§ The task:
Pictures are not part of the copy. Reproduce all the records exactly.

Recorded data
========================================================================
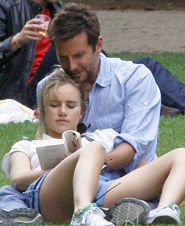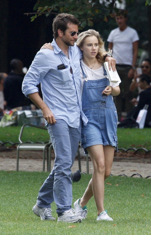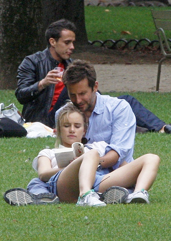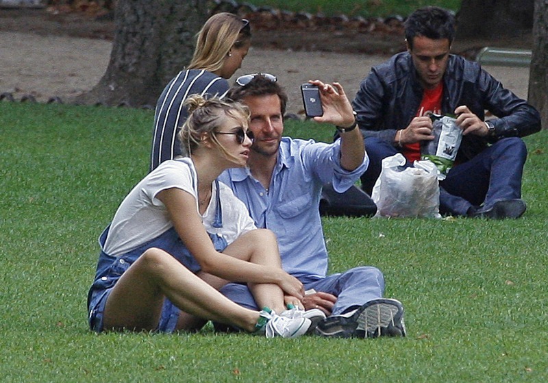 Anyway, here are Bradley Cooper and Suki Waterhouse on Sunday in a park in Paris. He’s not a billionaire and she’s not a hooker with a heart of gold but you don’t have to look too hard to find a Pygmalion comparison. A model could be a sculpture. Her youth could be inexperience. Well, at least he takes the time to talk to her.
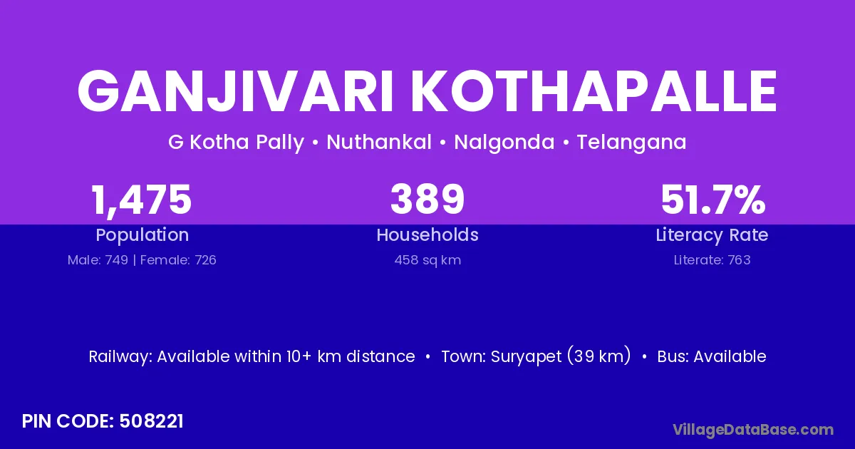 According to Census 2011 information, the village code of Ganjivari Kothapalle village is 508221.
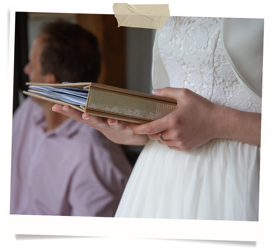 Drevenú krabičku som si ako polotovar kúpila v obchode, natrela belinkou a doplnila vyrezaným dreveným textom z vonkajšej strany, a dvomi srdiečkami z vnútornej strany otváracej časti s iniciálkami našich mien a dátumom svadby. Krabičku som vyplnila jutou s čipkou, do ktorej sme vložili obrúčky. Na otváraciu časť krabičky som nakoniec prilepila biely čipkový pás.
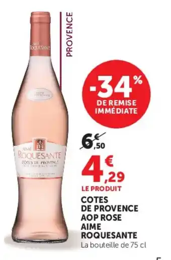 Actuellement en offre chez U Express : Cotes de provence aop rose aime roquesante ✅ Valable du 28-04 au 10-05.
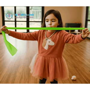 Tie to the legs of chairs allowing children to gain proprioceptive input by pushing or bouncing against it. Use it for pull and push games or even for gross motor work.
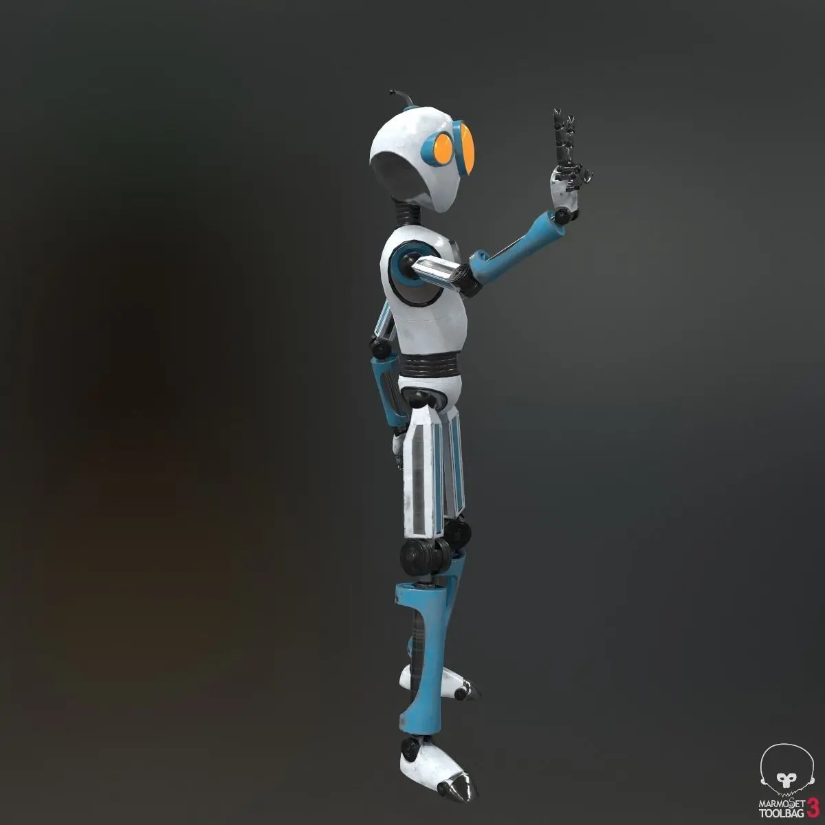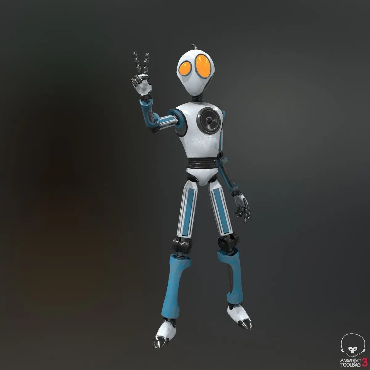 This friendly robot was modeled using 3ds Max along with a bit of help from ZBrush. He was textured for PBR using Substance Painter. This package includes texture maps for Metallic/Roughness setups as well as a Metallic/Smoothness option for use in Unity. He is rigged and game-ready.
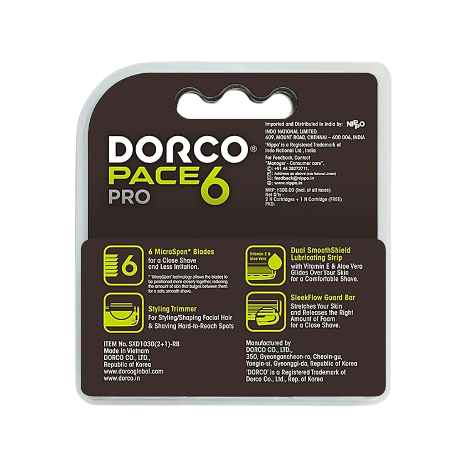 Dorco Pace 6 Pro Cartridge, Pack of 3
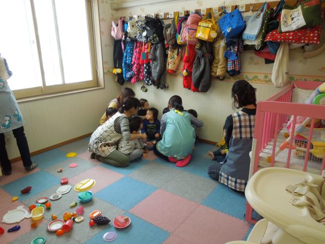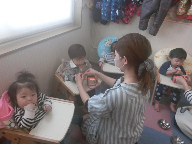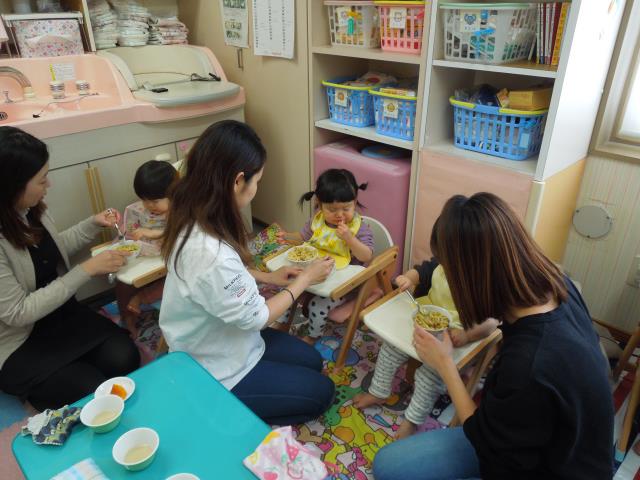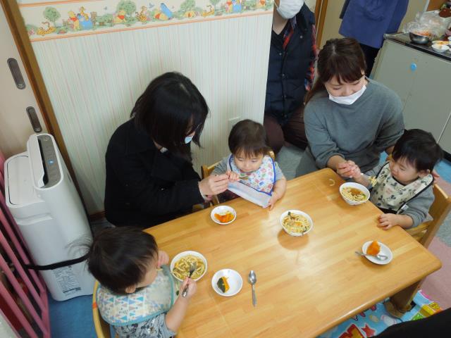 0歳児のお友だちは給食時の様子を参観してもらい、量・味などお家での様子も交えながら交流しました。
========================================================================
§ Solved exercise:
 Anyway, here are Bradley Cooper and Suki Waterhouse on Sunday in a park in Paris. He’s not a billionaire and she’s not a hooker with a heart of gold but you don’t have to look too hard to find a Pygmalion comparison. A model could be a sculpture. Her youth could be inexperience. Well, at least he takes the time to talk to her.
 According to Census 2011 information, the village code of Ganjivari Kothapalle village is 508221.
 Drevenú krabičku som si ako polotovar kúpila v obchode, natrela belinkou a doplnila vyrezaným dreveným textom z vonkajšej strany, a dvomi srdiečkami z vnútornej strany otváracej časti s iniciálkami našich mien a dátumom svadby. Krabičku som vyplnila jutou s čipkou, do ktorej sme vložili obrúčky. Na otváraciu časť krabičky som nakoniec prilepila biely čipkový pás.
 Actuellement en offre chez U Express : Cotes de provence aop rose aime roquesante ✅ Valable du 28-04 au 10-05.
 Tie to the legs of chairs allowing children to gain proprioceptive input by pushing or bouncing against it. Use it for pull and push games or even for gross motor work.
 This friendly robot was modeled using 3ds Max along with a bit of help from ZBrush. He was textured for PBR using Substance Painter. This package includes texture maps for Metallic/Roughness setups as well as a Metallic/Smoothness option for use in Unity. He is rigged and game-ready.
 Dorco Pace 6 Pro Cartridge, Pack of 3
 0歳児のお友だちは給食時の様子を参観してもらい、量・味などお家での様子も交えながら交流しました。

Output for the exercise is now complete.